Утром четвертого дня Сашка проснулся от звяканья тарелок на кухне. Шломо, гладко выбритый и одетый, мыл накопившуюся за неделю грязную посуду.
«Ну и слава Богу, — сказал Сашка. — Наконец-то встать соизволили. Ты уже завтракал?»
«Нет еще, — ответил Шломо, не оборачиваясь.

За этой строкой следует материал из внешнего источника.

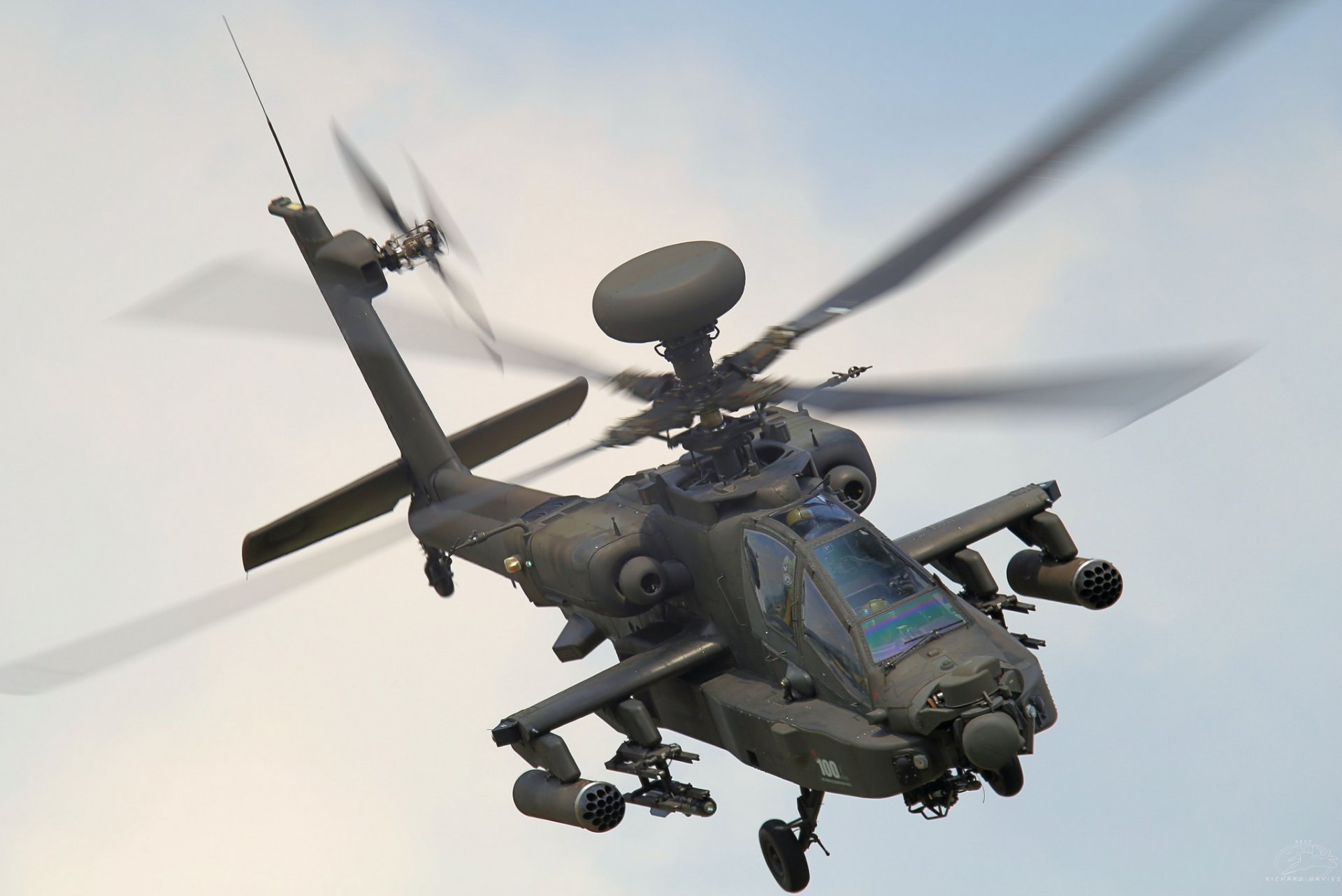Apache-Einschlagshubschrauber führt ein Manöver durch

Он поставил в сушилку последнюю тарелку и, вытирая руки кухонным полотенцем, подошел к сашкиному дивану. — Саша, ты меня извини, но я хочу тебя кое о чем попросить…»

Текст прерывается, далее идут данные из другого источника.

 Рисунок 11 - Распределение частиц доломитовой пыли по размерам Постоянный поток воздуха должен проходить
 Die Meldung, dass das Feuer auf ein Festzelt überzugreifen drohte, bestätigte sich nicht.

«Конечно, конечно, — с готовностью откликнулся верный Сашка, спуская ноги на пол. — Какие извинения, Славик, ты что, с ума сошел?»
«Я очень ценю то, что вы с Сеней для меня сделали, — все так же спокойно продолжил Шломо. — Но ты не можешь тут больше оставаться. Возвращайся, пожалуйста, к Сене. Я теперь и один управлюсь. Большое тебе спасибо за все».
«Э-э… — озадаченно протянул Сашка. — Ты уверен? Если ты за меня беспокоишься, то — зря. У меня уйма времени, я на работе отпуск взял, неделю. Так что мы тут с тобой еще погудим. Как когда-то…» Он заговорщицки подмигнул.
Шломо на подмигивание не ответил. Напротив, его интонация стала еще более официальной. «Ты меня не понял, Саша, — сказал он. — Твой отгул тут совсем ни при чем. Просто Катя не хочет, чтобы ты у нас бывал. Уж извини. Придется нам видеться на нейтральной территории. Я зайду к Сене. Позднее. А пока что, будь добр…» Он сделал рукой движение в направлении двери.
Сашка ошалело смотрел на старого друга. Перед ним стоял какой-то новый Бельский, сухой, безразличный, даже неприязненный. «Хорошо, Славик, — сказал он вслух преувеличенно бодро. — Как скажешь. Но хотя бы в сортир сбегать ты мне разрешишь, на прощанье?»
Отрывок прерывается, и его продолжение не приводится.